The Receptor object explicitly requires full sequence information of the two associated variable domains. This is considered to be an acceptable restriction from an AIRR-seq perspective, where sequencing typically precedes or takes place in combination with the determination of receptor reactivity.

Identifiers#

The Receptor objects has two properties that serve as identifiers:

  • receptor_id is a local identifier and its uniqueness MUST NOT be assumed beyond the scope of the study the receptor was reported in. This property can be used, e.g., to represent designations for Ig/TCR used in a manuscript.
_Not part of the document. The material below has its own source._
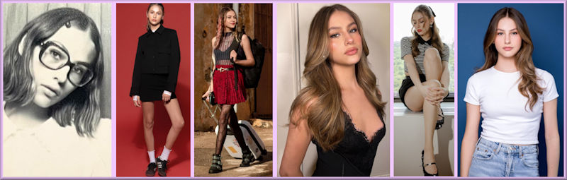 She had recently been discovered as a model and was being hailed by the likes of Vogue as "Fashions next big star". Instead she was forced to retire from modelling for a year. In 2019 she posted "I’m about to have my fifth surgery in two and a half years to correct more issues related to my SRS [but] in spite of everything, I’m glad that I had SRS" [Note: Articles and interviews about Maxim give her confusingly different ages, but the consensus seems to be that she was born on 15 April 1998.] Victoria Bazúa In 2024, the very young Mexican actress Victoria Bazúa (born 29 June 2008 as Victor) shot to fame after appearing in the Apple TV+ series Land of Women. With her attractive looks, slight frame (55 kg), modest but very leggy 5' 7" (170 cm) height (an inch more than when she tested for the role!), fun dress style and boyant personality she was a clear standout. In the first episode it is revealed that her character, Katie, was a lesbian, in the second - to the shock of many viewers - we discover that she is also a transgirl. In pre-release marketing the producers had revealed that Victoria was herself actually trans. In a subsequent interview Victoria says “When I expressed to my parents that I wanted to transition, that that’s who I was, I think I was two years old. I was like, ‘Mommy, I’m a girl.’" She was then always called Victoria and has no memory of her male name. By seven she had been totally accepted by her family as a girl, and she went to school wearing a girls uniform. When "the whole process of ... estrogen and hormones happened around 12, before puberty. I never really went through male puberty, I guess.” Victoria is often referred to as being post-GCS, but is silent about this - possibly because she had the procedure years before the legal minimum age of 18 that applies in many countries. Age 14 she was taken on by modelling agencies began working as a female model - initially for the locally based Queta Rojas, but the multi-national agency Paragon moved in when her potential became evident. She also started taking acting classes and age 15 - still physically growing as she completed her estrogen induced female puberty - she auditioned for the role of Katie, her first acting job. The producers had expected to fill the part with a twenty-something cis-woman actress who was convincing as a younger transwoman - but instead Victoria appeared from no where and was a perfect fit.

  • receptor_hash is the SHA256 hash of the receptors variable domain amino acid sequences, which serves as a globally unique identifier that can be independently calculated by repositories without requiring prior communication. It is calculated as follows, where base16 designates the function described in RFC4648 Section 6:

    lower_case(
        base16(
            sha256(
                concatenate(
                    upper_case(receptor_variable_domain_1_aa),
                    upper_case(receptor_variable_domain_2_aa)
                )
            )
        )
    )
    

Relations to other AIRR Schema objects#

The Receptor object is only directly linked to the Cell object, which then in turn contains the references to the records in the Rearrangements that encode the respective chains of the receptor. Therefore a given rearrangement cannot directly reference to a receptor, which is also not a meaningful thing to do, as the paired chain would be unclear, but is necessary to determine a receptors reactivity.

Annotation guidelines#

Reactivity information SHOULD be provided if it was either directly recorded in the current study or is indirectly available in a public database, where it can be linked. If no information about the receptor, besides the translated amino acid sequence of the associated chains is available, the respective object MAY still be created if the curator considers this information to be beneficial, e.g., if there is some evidence (surface expression, reaction to superantigens) that the receptor is functional and present on the surface. In the absence of any such data, Receptor objects SHOULD NOT be created.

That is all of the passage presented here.